Les chercheurs ont également découvert des changements notables dans les rythmes électriques du cerveau pendant le sommeil : la caféine a atténué les oscillations plus lentes telles que les ondes thêta et alpha, qui sont généralement associées à un sommeil profond et réparateur, et a stimulé l’activité des ondes bêta, qui sont plus courantes pendant l’éveil et l’activité mentale. « Ces changements suggèrent que sous l’influence de la caféine, le cerveau reste dans un état plus actif et moins reposant, même pendant le sommeil », explique le professeur Jerbi, qui est également titulaire de la Chaire de recherche du Canada en neurosciences computationnelles et en neuroimagerie cognitive. Ce changement dans l’activité rythmique du cerveau pourrait expliquer pourquoi la caféine nuit à l’efficacité de la récupération nocturne du cerveau, ce qui pourrait avoir des conséquences sur le traitement de la mémoire.
Les personnes dans la vingtaine sont plus touchées
L’étude a également montré que les effets de la caféine sur la dynamique cérébrale étaient nettement plus prononcés chez les jeunes adultes âgés de 20 à 27 ans que chez les participants d’âge moyen âgés de 41 à 58 ans, en particulier pendant le sommeil paradoxal, la phase associée au rêve. Les jeunes adultes ont réagi plus fortement à la caféine, ce qui est probablement dû à une plus grande densité de récepteurs d’adénosine dans leur cerveau.
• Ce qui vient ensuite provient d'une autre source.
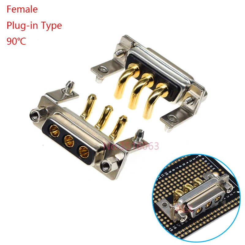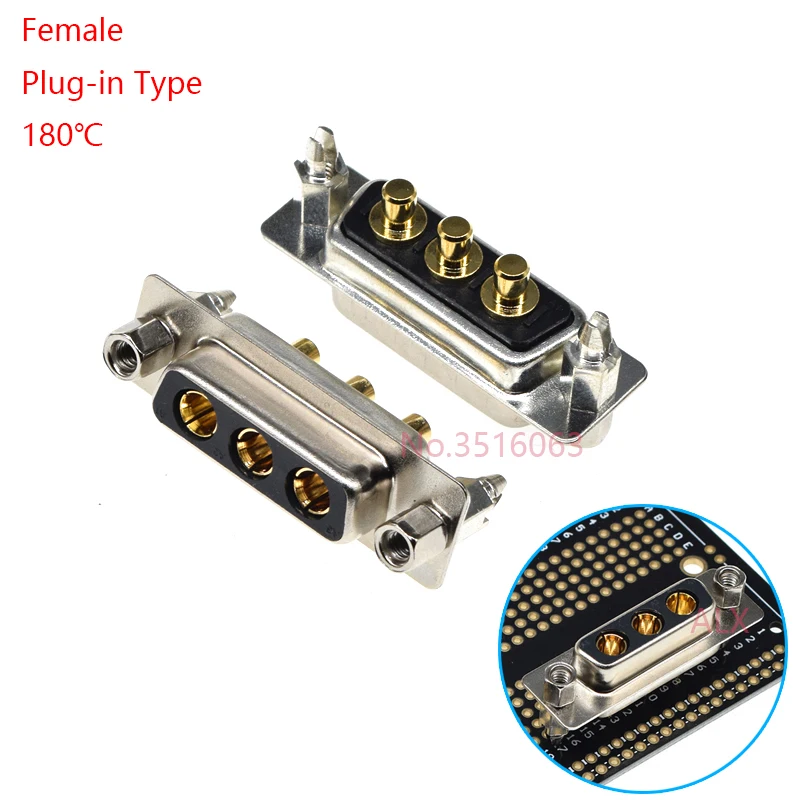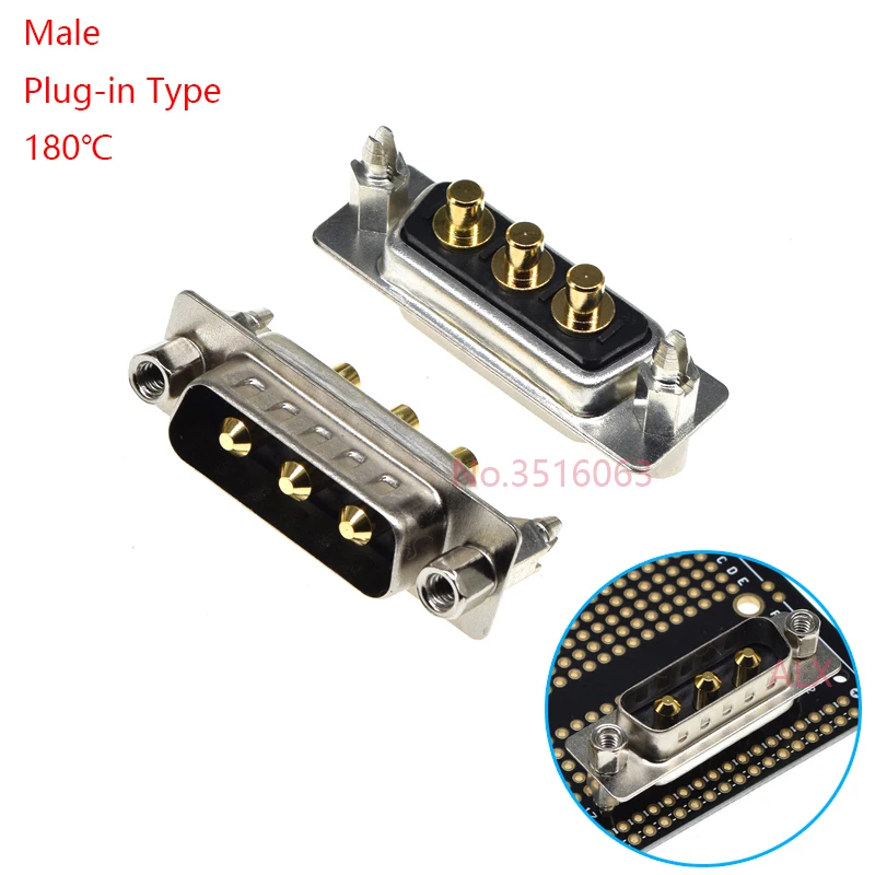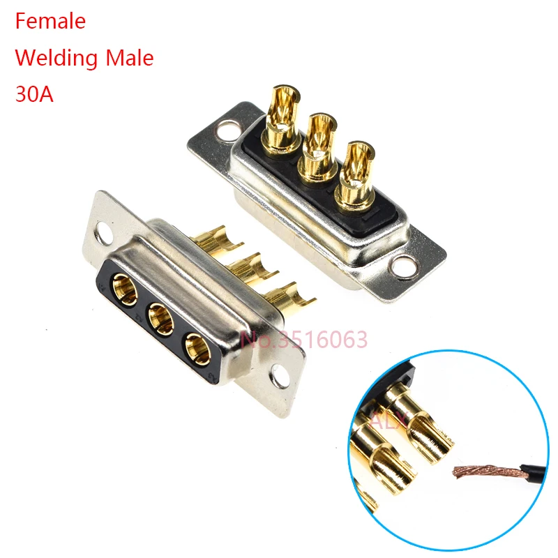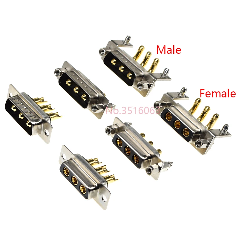 1Pcs 3W3 30A Gold Plated Male Female High Current Power Connector D-Sub Adapter Solder/Plug-in Type 3Pin Plug Jack DB3 Solid Pin

L’adénosine est une molécule qui s’accumule progressivement dans le cerveau au cours de la journée, provoquant une sensation de fatigue. Les récepteurs d’adénosine diminuent naturellement avec l’âge, ce qui réduit la capacité de la caféine à les bloquer et à améliorer la complexité du cerveau, ce qui pourrait expliquer en partie l’effet plus faible de la caféine chez les participants d’âge moyen.
Ces différences liées à l’âge suggèrent que les cerveaux plus jeunes pourraient être plus sensibles aux effets stimulants de la caféine. Étant donné la prévalence mondiale de la caféine, en particulier comme remède quotidien contre la fatigue, les chercheurs soulignent l’importance de comprendre ses effets complexes sur l’activité cérébrale dans différents groupes d’âge et conditions de santé. Ils ajoutent que des recherches supplémentaires sont nécessaires pour clarifier comment ces changements neuronaux affectent la santé cognitive et le fonctionnement quotidien, et pour éventuellement développer des recommandations personnalisées pour la consommation de caféine.